» **WHAT IS EXPECTED**
When you reach the line containing "Cross section AB", start transcribing exactly and continue through the last line of the data, skipping every picture.

» **INFORMATION PROVIDED**
▬▬▬

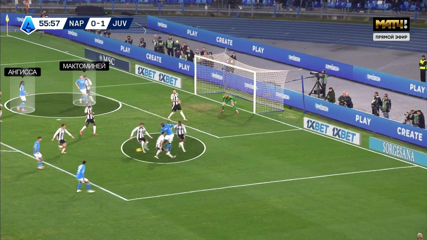 В первом тайме Наполи ни разу не пробил в створ. Политано умудрился с пары метров запульнуть в космос - это единственный опасный момент у ворот Ди Грегорио. И в принципе единственный момент первого тайма для неаполитанцев. Ювентус же действовал на порядок грамотнее и острее: в центре поля Тюрам и Кооп подбирали все, что шло в сторону их ворот, фланги забивали как Нереса, так и Ангисса. Момент с голом Муани случился именно благодаря давлению: отскок произошел благодаря тому, что Коопмейнерс в очередной раз отрабатывал без мяча в прессинге, не позволяя выбить круглого из штрафной. Также важно вспомнить момент Йылдыза - провал в обороне случился именно по вине тренера, который оказался не готов к таким скоростным перехватам. Тюрам подавал в пустую зону, где секунд 5 в одиночестве бегал Йылдыз. Как он там не забил - вопрос к Мерету и вселенной....
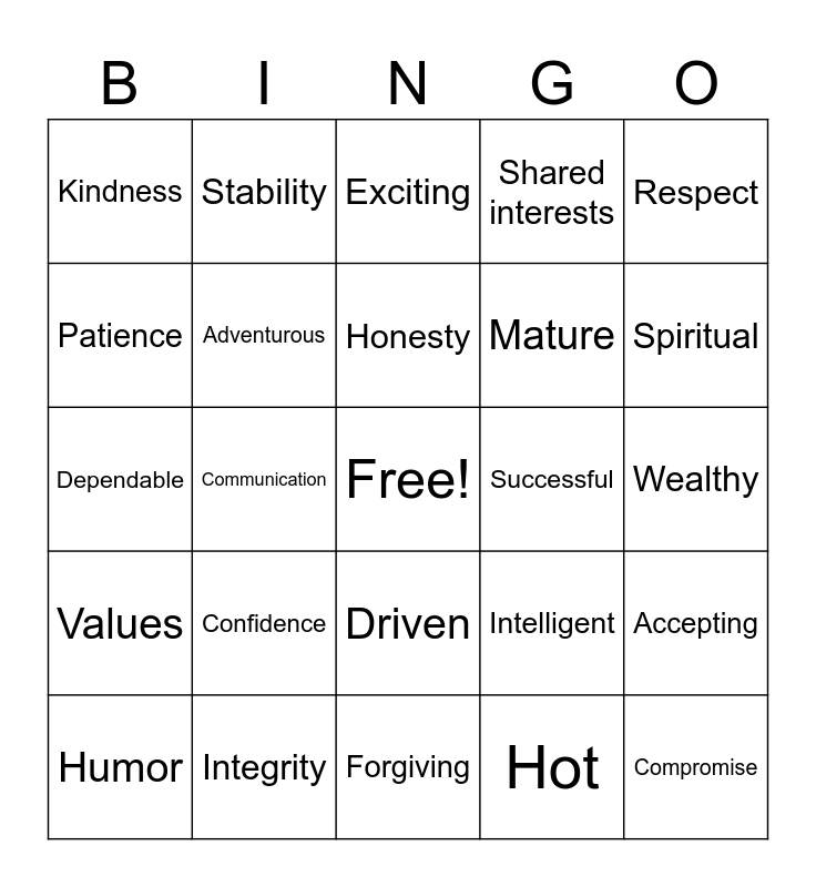 This bingo card has a free space and 24 words: Confidence, Integrity, Honesty, Humor, Respect, Kindness, Patience, Stability, Successful, Driven, Mature, Dependable, Intelligent, Accepting, Adventurous, Hot, Wealthy, Exciting, Spiritual, Communication, Compromise, Values, Shared interests and Forgiving.
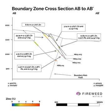 Cross section AB to AB': NB25-003, NB25-004, and NB25-005 (CNW Group/Fireweed Metals Corp.)
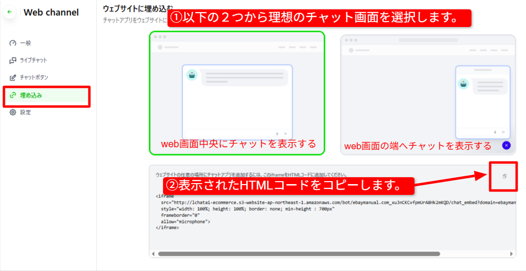 ②Webサイトへチャットを埋め込み稼働する方法を解説していきます。

▬▬▬

» **FINISHED EXERCISE**
 Cross section AB to AB': NB25-003, NB25-004, and NB25-005 (CNW Group/Fireweed Metals Corp.)
 ②Webサイトへチャットを埋め込み稼働する方法を解説していきます。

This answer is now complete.